Data entries
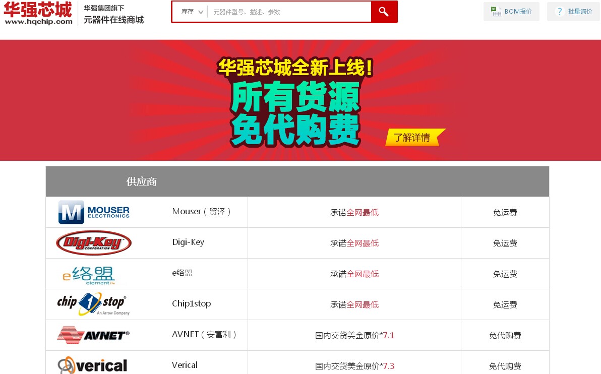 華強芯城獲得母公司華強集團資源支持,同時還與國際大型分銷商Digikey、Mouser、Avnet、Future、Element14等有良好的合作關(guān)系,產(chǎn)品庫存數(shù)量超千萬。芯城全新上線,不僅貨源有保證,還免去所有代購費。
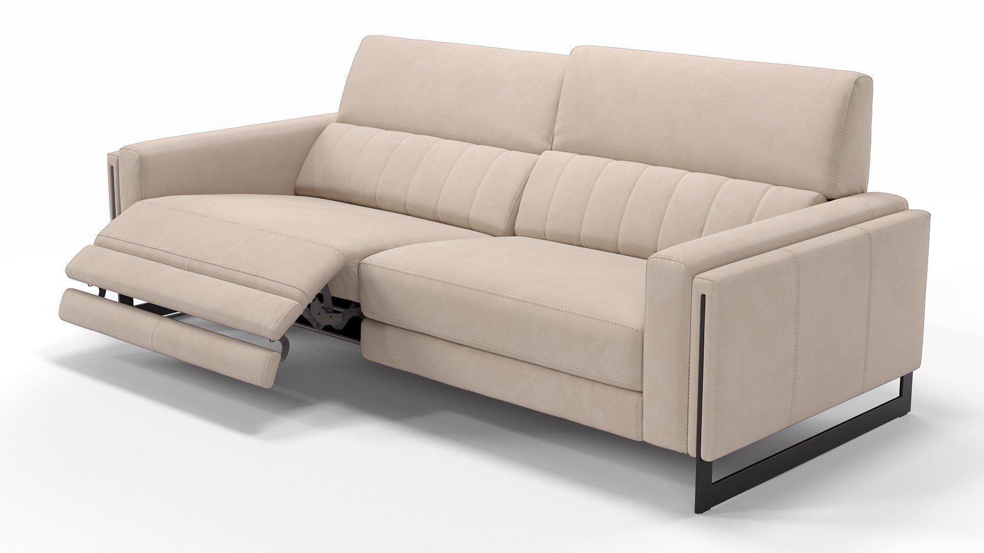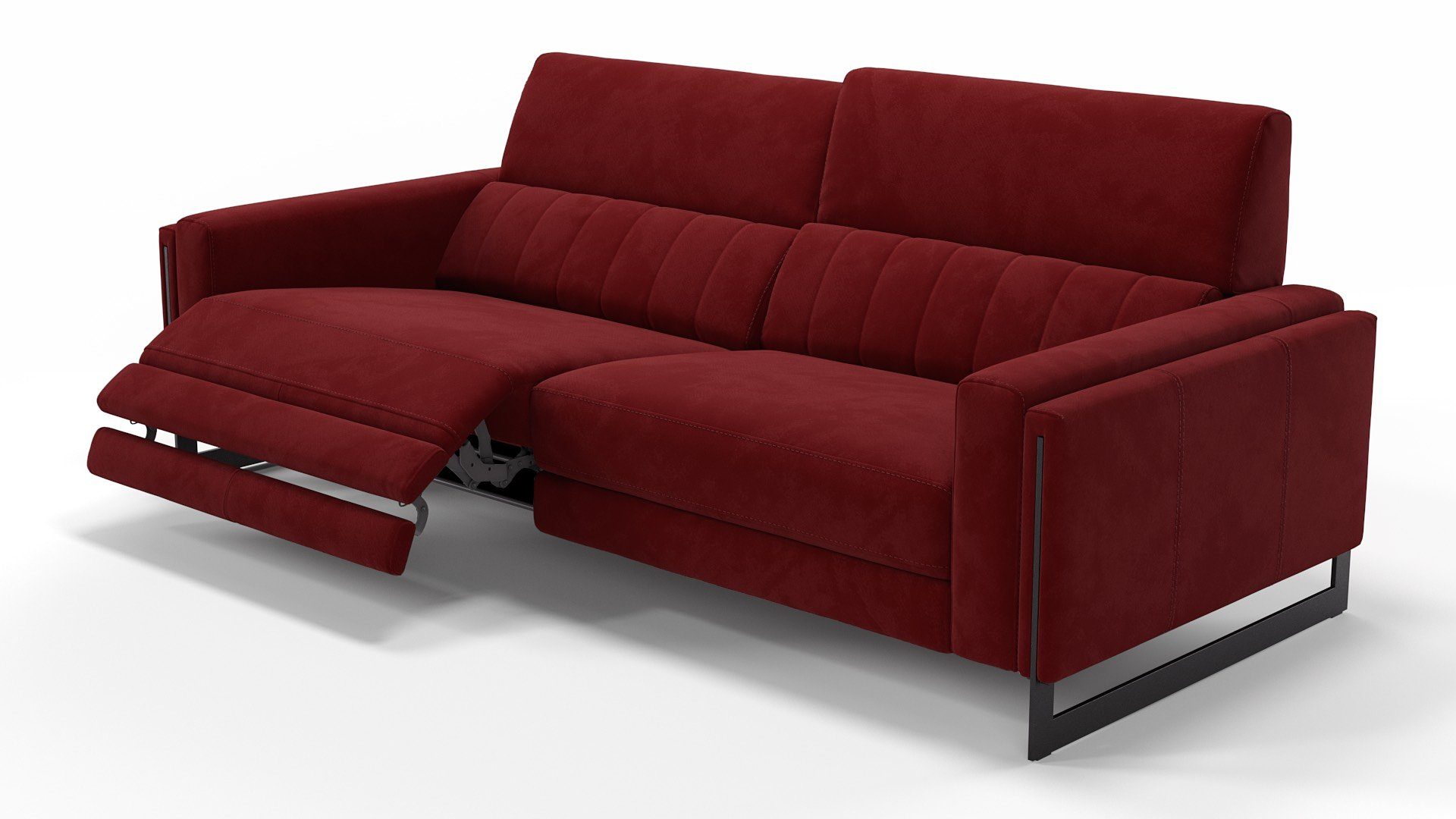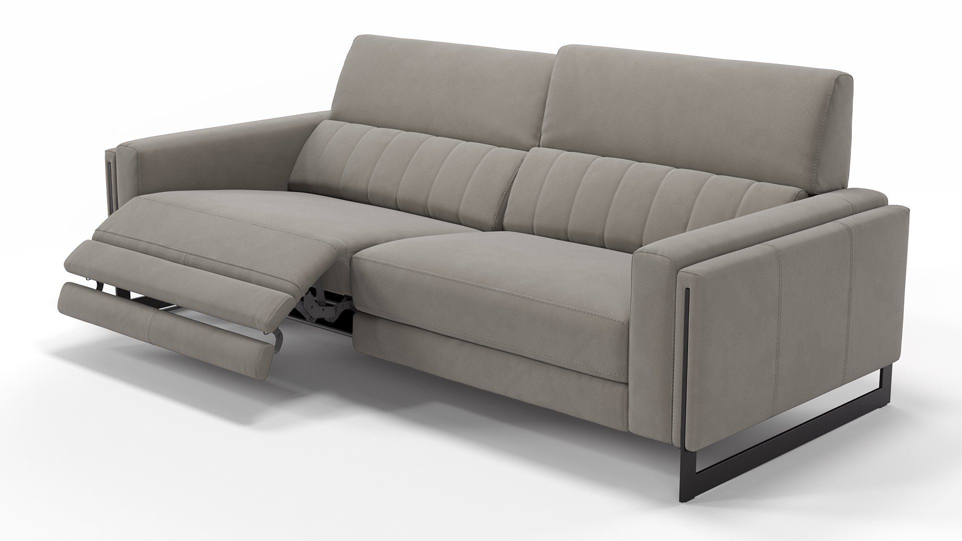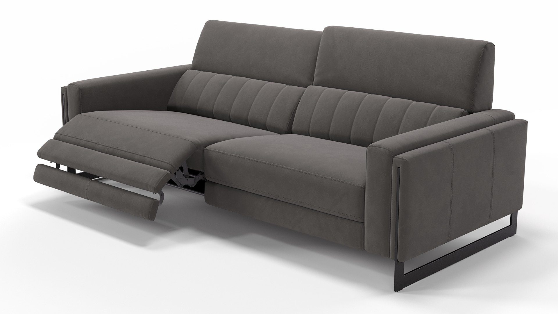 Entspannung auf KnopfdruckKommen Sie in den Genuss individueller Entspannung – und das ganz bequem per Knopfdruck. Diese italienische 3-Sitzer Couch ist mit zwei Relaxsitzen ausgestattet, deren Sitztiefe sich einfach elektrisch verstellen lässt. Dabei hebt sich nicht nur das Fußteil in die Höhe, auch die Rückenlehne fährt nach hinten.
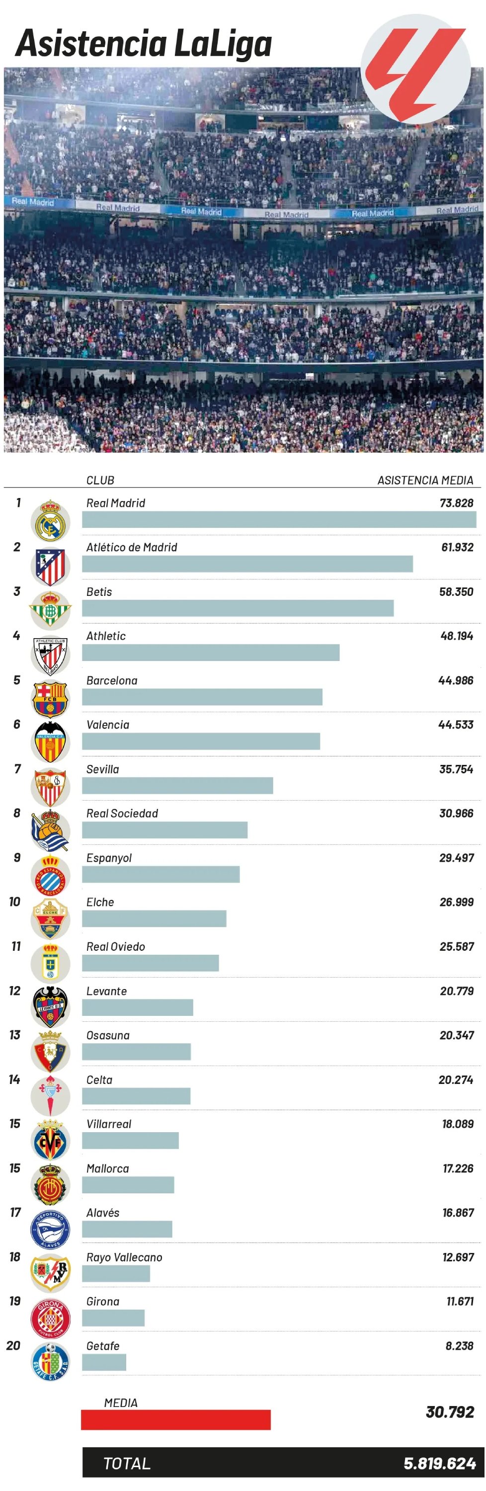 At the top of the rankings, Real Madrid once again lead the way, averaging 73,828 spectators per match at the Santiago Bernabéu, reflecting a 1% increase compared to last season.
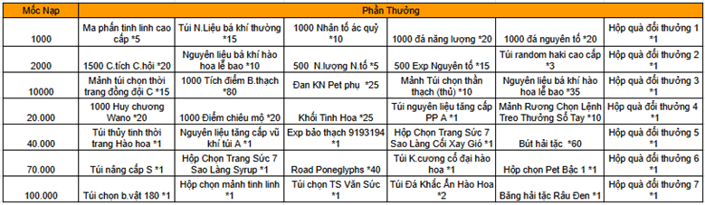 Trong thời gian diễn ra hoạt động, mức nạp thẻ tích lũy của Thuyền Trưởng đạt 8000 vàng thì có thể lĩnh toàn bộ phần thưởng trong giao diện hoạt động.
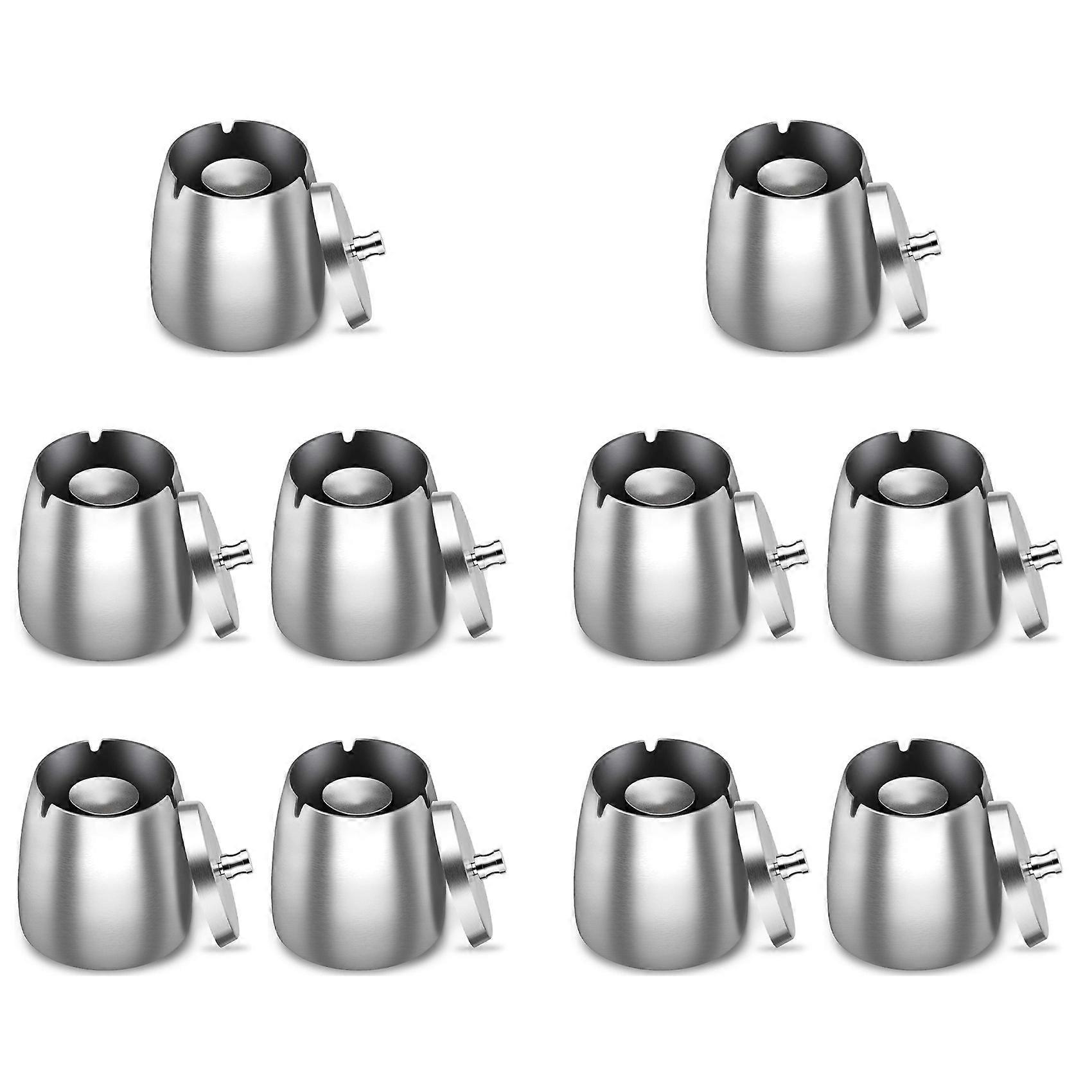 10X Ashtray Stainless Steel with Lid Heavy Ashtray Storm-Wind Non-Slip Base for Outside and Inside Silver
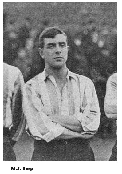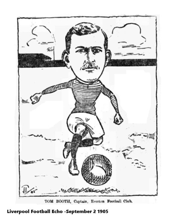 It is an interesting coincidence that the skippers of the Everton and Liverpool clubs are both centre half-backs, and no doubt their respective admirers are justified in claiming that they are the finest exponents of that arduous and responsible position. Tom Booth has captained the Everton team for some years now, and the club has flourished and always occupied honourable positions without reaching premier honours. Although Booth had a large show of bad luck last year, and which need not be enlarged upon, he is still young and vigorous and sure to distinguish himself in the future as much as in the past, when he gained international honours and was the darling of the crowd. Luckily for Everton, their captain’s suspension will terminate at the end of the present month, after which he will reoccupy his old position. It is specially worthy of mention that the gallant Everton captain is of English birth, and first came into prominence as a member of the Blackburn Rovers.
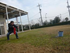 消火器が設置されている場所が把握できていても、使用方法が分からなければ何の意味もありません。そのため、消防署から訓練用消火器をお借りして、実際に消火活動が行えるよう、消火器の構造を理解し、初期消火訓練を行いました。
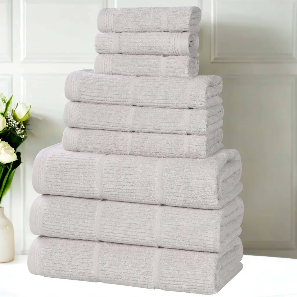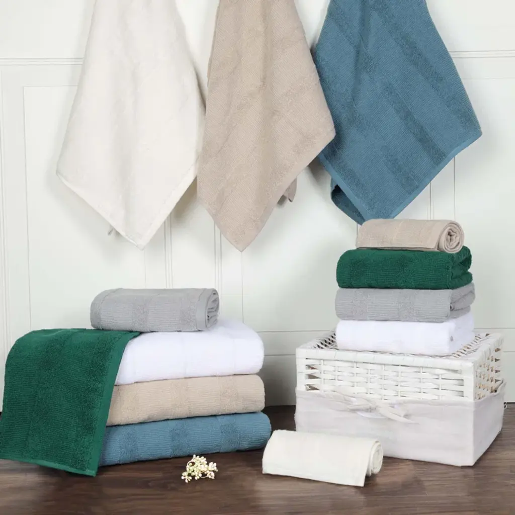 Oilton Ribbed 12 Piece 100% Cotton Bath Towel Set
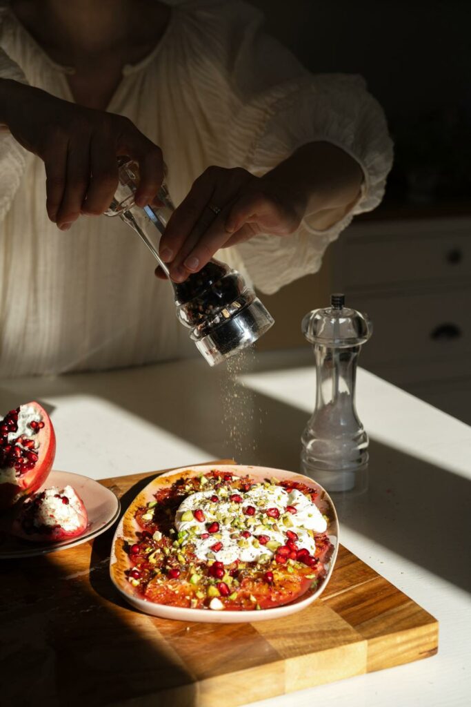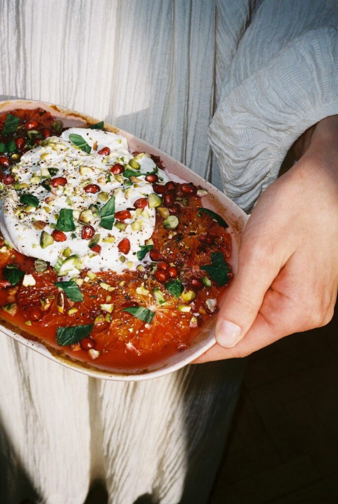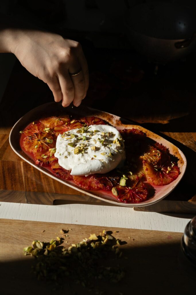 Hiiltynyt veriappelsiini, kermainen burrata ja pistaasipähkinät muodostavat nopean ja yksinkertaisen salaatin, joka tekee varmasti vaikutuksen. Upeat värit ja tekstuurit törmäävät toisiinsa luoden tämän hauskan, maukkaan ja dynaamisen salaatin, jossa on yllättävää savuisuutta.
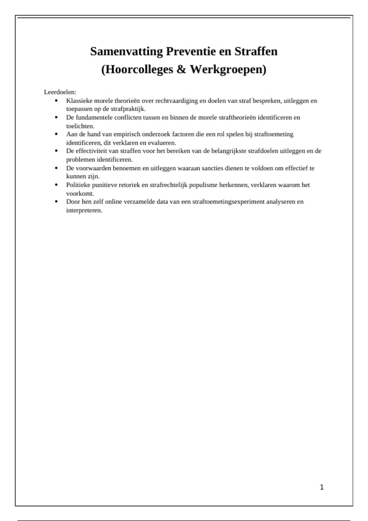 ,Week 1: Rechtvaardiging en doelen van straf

**Exercise requirements:**
Leaving pictures out, output the lines of the data above from the one with "Trong thời gian" through the one with "10X Ashtray Stainless", word for word.

**Answer for this exercise:**
 Trong thời gian diễn ra hoạt động, mức nạp thẻ tích lũy của Thuyền Trưởng đạt 8000 vàng thì có thể lĩnh toàn bộ phần thưởng trong giao diện hoạt động.
 10X Ashtray Stainless Steel with Lid Heavy Ashtray Storm-Wind Non-Slip Base for Outside and Inside Silver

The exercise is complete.